Je suis content que ça aille dans ce sens-là ! Ce n’est pas tellement important qu’on sache que je suis son créateur. C’est pour ça qu’on devient auteur de BD, pas pour être dans la lumière mais pour que quelque chose d’autre y soit. Dickie, il est simple. Il emporte vite l’adhésion du lecteur ou plutôt sa pitié, sa compassion. C’est important pour qu’une série soit intéressante que son personnage soit vivant.

© Pieter De Poortere

Dickie ne serait-il pas l’héritier caché du Miffy de Dick Bruna et du Lapinot de Trondheim ?

Oh, c’est cool que vous disiez ça ! C’est vrai que c’est un peu ça.
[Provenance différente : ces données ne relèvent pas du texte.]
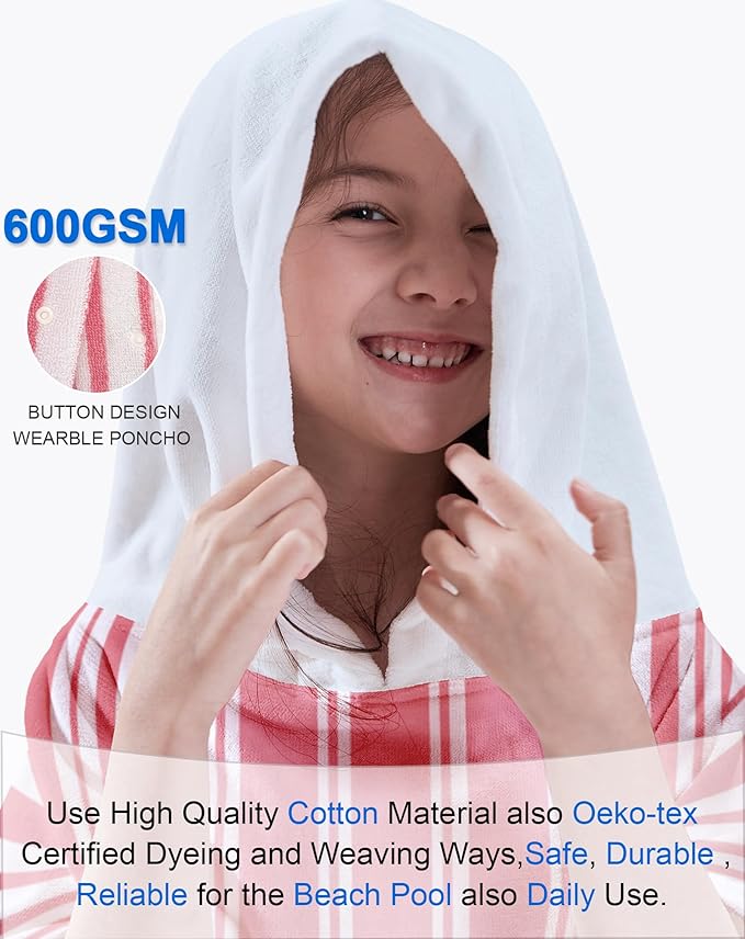 - Pure Cotton Comfort:Hooded Poncho Towel is Made of 100% soft cotton, Experience ultimate softness and comfort with our pure cotton poncho, Its gentle touch and plush texture provide a soothing and cozy sensation after swimming or bathing
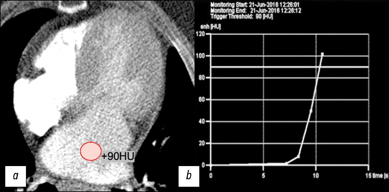 Рис. 1. Изображение компьютерной томографии премониторинга и графика мониторинга: a — установка автоматического мониторинга болюса контрастного препарата в полости левого предсердия c пороговым значением болюса 90 HU; b — пример графика мониторинга болюса контрастного препарата.

Miffy, c’est le personnage pour enfant par excellence, à l’économie des traits. Si bien qu’il est difficile de montrer l’émotion avec si peu de matière. Une larme de temps en temps. C’est vraiment à la limite du jeu. Des limites de formes, des limites de couleurs que tu maries entre elles.

Miffy © Dick Bruna

Quant à Lewis Trondheim, il a prouvé qu’il n’était pas nécessaire d’être un grand dessinateur, un technicien, pour raconter des récits parfois compliqués, high level, parfois complètement débiles. Je pense à La Mouche, notamment.

Lapinot © Lewis Trondheim

D’ailleurs, Dickie comme Lapinot est plus un acteur qu’un personnage de BD, c’est ce qui fait qu’il peut se retrouver dans n’importe quel univers.

Tout à fait, comme un Playmobil ou un Lego dont tu changes le costume pour continuer dans de nouvelles aventures, de nouvelles idées. Dans le prochain album, Dickie arrivera dans le monde de l’art et racontera l’envers des tableaux très connus.

© Pieter De Poortere

Vous pensiez en le créant qu’on en parlerait encore en 2017?

Pas du tout. Dickie, je l’ai créé pour un travail de fin d’étude, il y a 17 ans. Je n’ai jamais rêvé que je pourrais encore l’animer des années après. Mais je n’ai pas encore vraiment envie d’arrêter (rires). Une série d’animation est en préparation, on va essayer d’aller visiter l’Asie et l’Amérique avec, là où beaucoup de gens ne connaissent pas encore Dickie.

Et cette expo alors ?

Moi, ce que j’aime par-dessus tout, ce sont ces originaux qui sont mis en valeur. Des vrais originaux, hein, pas des reproductions. C’est très intéressant de voir comme le collègue fait le boulot, avec quelles techniques. Un peu d’encre de chine là, par exemple. Après, j’imagine que le visiteur lambda, celui qui ne dessine pas, sera attentif à d’autres choses, avec un autre regard.

Au-delà de ça, il y a ce plaisir de tous se retrouver. Je connais quasiment tous les auteurs présents. Pourtant, on ne se voit jamais. C’est l’occasion !

Merci Pieter et vivent Dickie et la nouvelle BD flamande !

L’exposition « La nouvelle BD flamande » est à découvrir depuis ce 19 septembre et jusqu’au 3 juin 2018 au coeur du Centre Belge de la Bande Dessinée (rue des Sables 20 à Bruxelles). Elle a pour commissaires Mélanie Andrieu et Tine Anthoni et rassemble Brecht Evens, Nix, Pieter de Poortere, Simon Spruyt, Judith Vanistendael, Michaël Olbrechts, Wide Vercnocke, Ben Gijsemans, Wauter Mannaert, Jeroen Janssen, Maarten Van De Wiele, Ilah, Bart Schoofs, Brecht Vandenbroucke, Randall C., Gerolf Van De Perre, Serge Baeken et Philip Paquet. Aperçu !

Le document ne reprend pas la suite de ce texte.